There are approximately 50 kids and staff living at Hutton Settlement these days, and Milliken says he has about a dozen participants on the farm team growing food for their own little CSA (Campus Supported Agriculture) program. Produce grown at Hutton goes back to the cottages where house parents prepare meals for their residents.

“In the summertime, most of the stuff being prepared is from our garden, and we have four or five kids doing our culinary program. We have everything from corn to beans, squash and tomatoes. We find out what the kids like to eat and what the house parents like to cook, so we have that dialed in pretty well,” says Milliken. “We are also very mindful of getting the most nutrition to our kids, so we grow various highly nutraceutical plants.”

The addition of a “food forest” in recent years is now teeming with everything from goji and Aronia berries, which are used in smoothies, to hazelnuts and herbs, which get blended up into pesto over the summer. A biointensive garden behind the cottages is home to vegetables, including gigantic pumpkins, squash and watermelons. There are currently peppers growing in the hoop house and greenhouse that David says will end up in a special Hutton Settlement hot sauce. The barn is home to four babydoll sheep who help to silvopasture around the property and 60 chickens who lay enough eggs to satisfy a campus of breakfast eaters with enough leftovers to share with some local neighbors and alums.
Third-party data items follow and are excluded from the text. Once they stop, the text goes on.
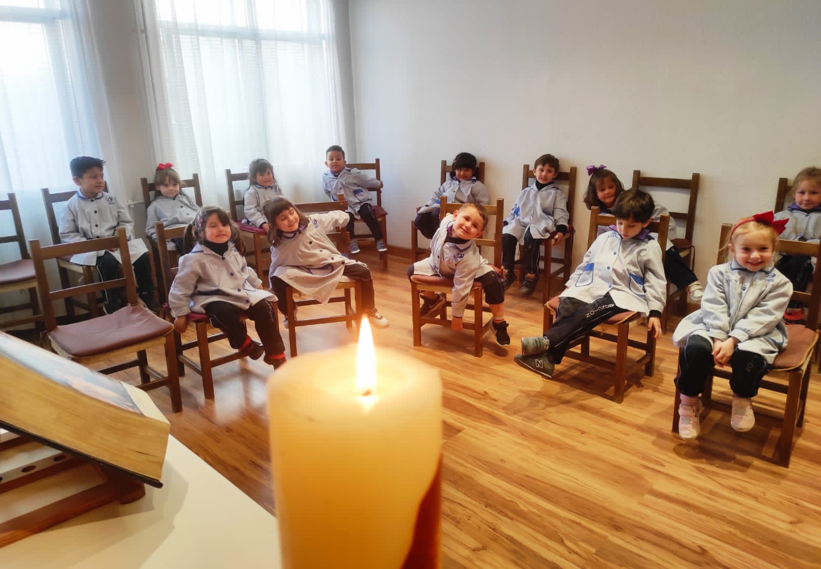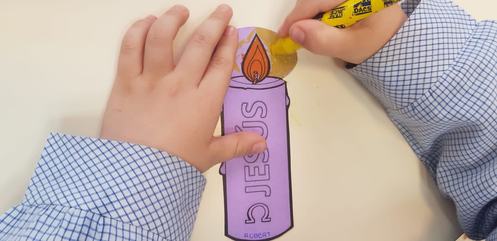 Durante la homilía tuvimos un momento de reflexión-interioridad, en el que cada uno tenía una vela impresa en una cartulina morada. En ella, escribimos qué luz éramos nosotros para los demás y qué luz recibíamos de las personas que teníamos alrededor. Estas velas las ofrecimos a Dios y después las pusimos por todo el colegio para recordarnos, que somos testigos de la Resurrección de Jesús y que esa luz tiene que ser visible en el mundo para poder transformarlo y hacer realidad el Reino de Dios.
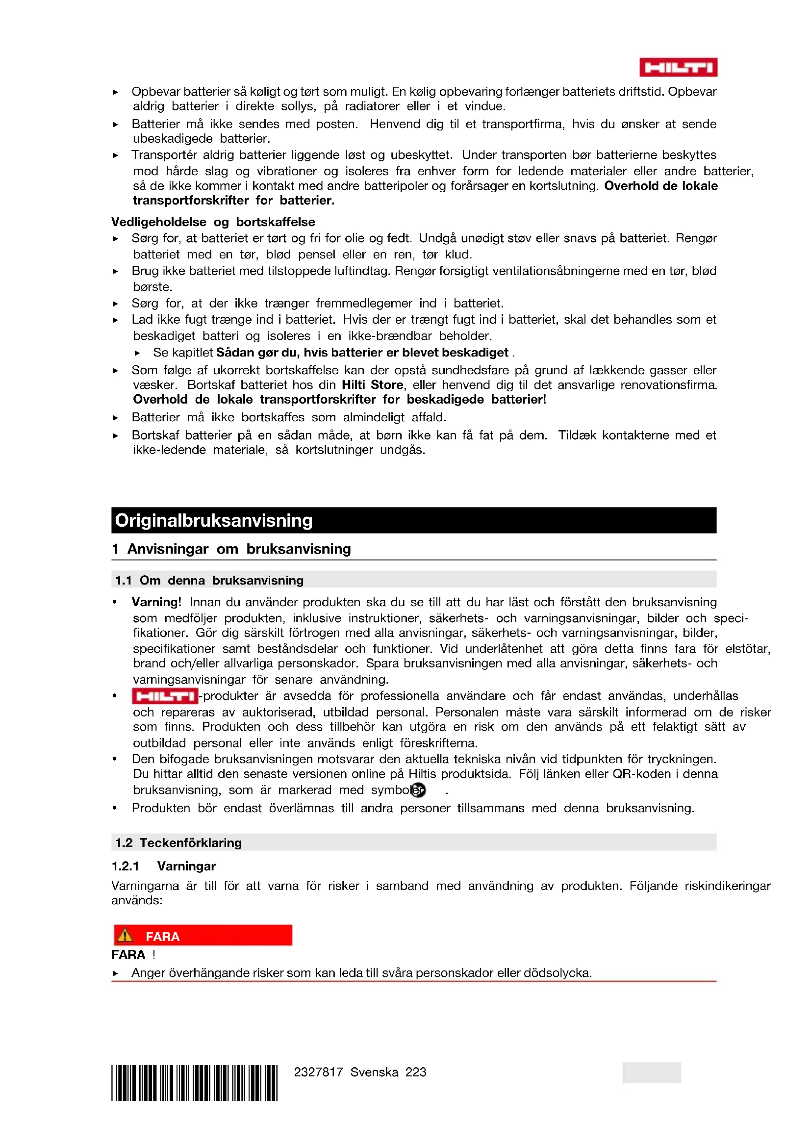 Läs säkerhetsanvisningarna för användning av Hilti litiumjonbatterier som du hittar genom att skanna QR-koden i slutet av denna bruksanvisning.
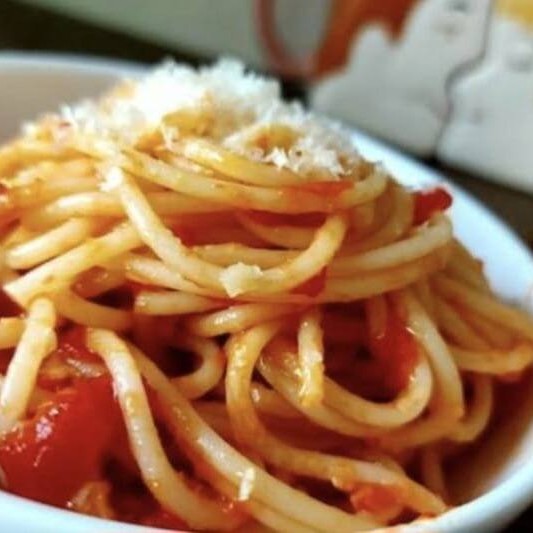 Uma deliciosa massa coberta por um saboroso e bem temperado molho pomodoro.

Rick Hastings of Liberty Ciderworks has even taken apples from the small on-site orchard and created a special estate blend cider for Hutton in the past, though, at 7.3% alcohol, it’s not a campus product that the kids get to enjoy.

“Every Thursday, we do a thing called Blue Crew. We break staff and kids into teams and mix them up so they get to know each other outside of their cottages, and there are little challenges. And then we gather together as an entire community, and we eat together,” David says. “One challenge was to go out, forage around in our gardens for ingredients to make their own pizza sauce. Then we fired up the woodfired pizza oven, and everyone got to have dinner. Those are probably some of the greatest times out here.”
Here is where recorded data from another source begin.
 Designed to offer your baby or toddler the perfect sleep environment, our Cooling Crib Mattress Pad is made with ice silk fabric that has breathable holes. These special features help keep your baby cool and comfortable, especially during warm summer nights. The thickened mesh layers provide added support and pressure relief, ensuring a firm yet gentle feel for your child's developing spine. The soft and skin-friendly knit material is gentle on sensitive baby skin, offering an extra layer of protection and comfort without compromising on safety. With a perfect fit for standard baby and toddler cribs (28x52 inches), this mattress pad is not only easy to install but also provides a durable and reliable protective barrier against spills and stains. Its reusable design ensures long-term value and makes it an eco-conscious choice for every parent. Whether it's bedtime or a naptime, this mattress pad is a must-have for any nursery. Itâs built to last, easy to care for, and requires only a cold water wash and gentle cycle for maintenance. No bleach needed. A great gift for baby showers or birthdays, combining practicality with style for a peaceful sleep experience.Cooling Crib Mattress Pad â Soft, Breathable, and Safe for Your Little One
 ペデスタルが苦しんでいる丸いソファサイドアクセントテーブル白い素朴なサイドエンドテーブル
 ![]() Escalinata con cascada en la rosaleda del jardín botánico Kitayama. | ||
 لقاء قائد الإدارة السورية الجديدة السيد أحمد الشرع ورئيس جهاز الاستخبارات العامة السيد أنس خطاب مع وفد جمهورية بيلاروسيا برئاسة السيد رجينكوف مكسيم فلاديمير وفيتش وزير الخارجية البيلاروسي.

On the horizon, Milliken expects to grow Hutton Settlement’s beekeeping operation, start a mycology program in an underused yurt, and expand their biointensive program to include a flower farm, among others.

As these programs at Hutton continue to grow, Milliken cites National Geographic’s geoliteracy curriculum and its emphasis on developing the “explorer mindset.” Hutton residents attend schools in the West Valley School District, but knowing that they are secure and cared for opens the door to more learning opportunities, both on and off campus, encouraging these kids to explore the world in unique and exciting ways as a way to foster growth in themselves.
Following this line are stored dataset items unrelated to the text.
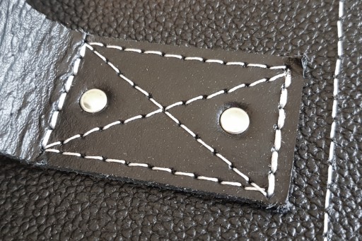 Torba jest szyta mocną nicią poliamidową i nitowana w miejscach wymagających dużej wytrzymałości.
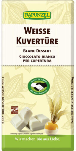 Rapunzel Fehér bevonó csokoládé BIO 200 g A puha pralinék, az édes gyümölcsök vagy a finom sütemények csak fele olyan finomak lennének, ha nem borítaná őket lágyan olvadó, bársonyos csokoládémáz. A csodálatosan aromás kakaóvaj és a teljes tej egy csipetnyi Bourbon vaníliával finomítja süteményeit vagy pralinéit. A csokoládébevonó fair trade kakaóból és cukorból készül, és a Rapunzel HAND IN HAND termékcsaládhoz tartozik. Használat
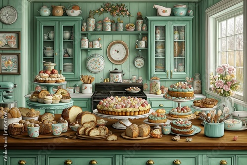 A beautifully arranged kitchen showcases a variety of baked delights, including an exquisite Easter cake amid a delightful spring atmosphere.
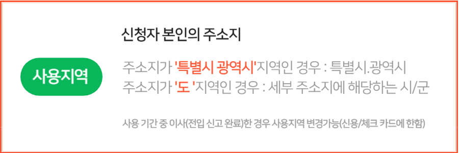 - 민생회복 소비쿠폰은 지역 민생경제 회복에 기여하고 지역 내 소상공인에게 힘이 될 수 있도록 사용 지역을 주소지 관할 지방자치단체로 제한한다. 즉, 특별시 또는 광역시 주민은 해당특별시/광역시에서,도 지역주민은 주소지 해당하는 시/군에서 사용 할 수 있다.

“They kick off the curriculum with different attitudes: the attitude of curiosity, the attitude of empathy, and the attitude of empowerment. And they all lead into one another. You're curious about the world, about something different, something about yourself. Then you learn about someone else, you get their perspective, and then you work together and create something beautiful. And that's what the farm is centered on. It's also what HOPE Roasters is centered on,” says Milliken. “So what we’re offering here at Hutton are opportunities to not only get involved and engaged in nature-based things or community-based things, but starting to find out what makes your heart sing. And then how can we, through scholarships and things like that, give you the resources to make that happen? What is your dream, and let’s get there.”

After introducing Parker to the possibility of roasting coffee, Milliken took him and Roxy up to Ponderay, Idaho, for a field trip to visit the headquarters of Diedrich Roasters.

“We went in, and my mind was blown once more,” recalls Ritzmann. “Seeing roasters that cost a quarter of a million dollars showed me that, damn, coffee is massive. I learned that coffee is the second largest traded commodity in the world behind crude oil—and I told myself I wanted a piece of this pie.”

Armed with their business for HOPE Neighborhood Roasters, David, Parker and Roxy turned to Chud Wendell, Executive Director of Hutton Settlement, and Jessica Laughery, Director of Community Engagement & Stewardship, who helped secure a grant in order to purchase a roasting machine and cover capital improvements to repurpose the old plum-drying for campus fruit trees into a roasting room. 

“Parker had this huge vision, and I was just all on board. I wanted to do it for the education, not necessarily the money. And it did give me the opportunity to not only learn something, but find out what I want to do for the rest of my life, to some degree,” says Frederickson, who is already looking at study abroad programs on coffee farms and has considered getting a masters in coffee offered by the University of Florence.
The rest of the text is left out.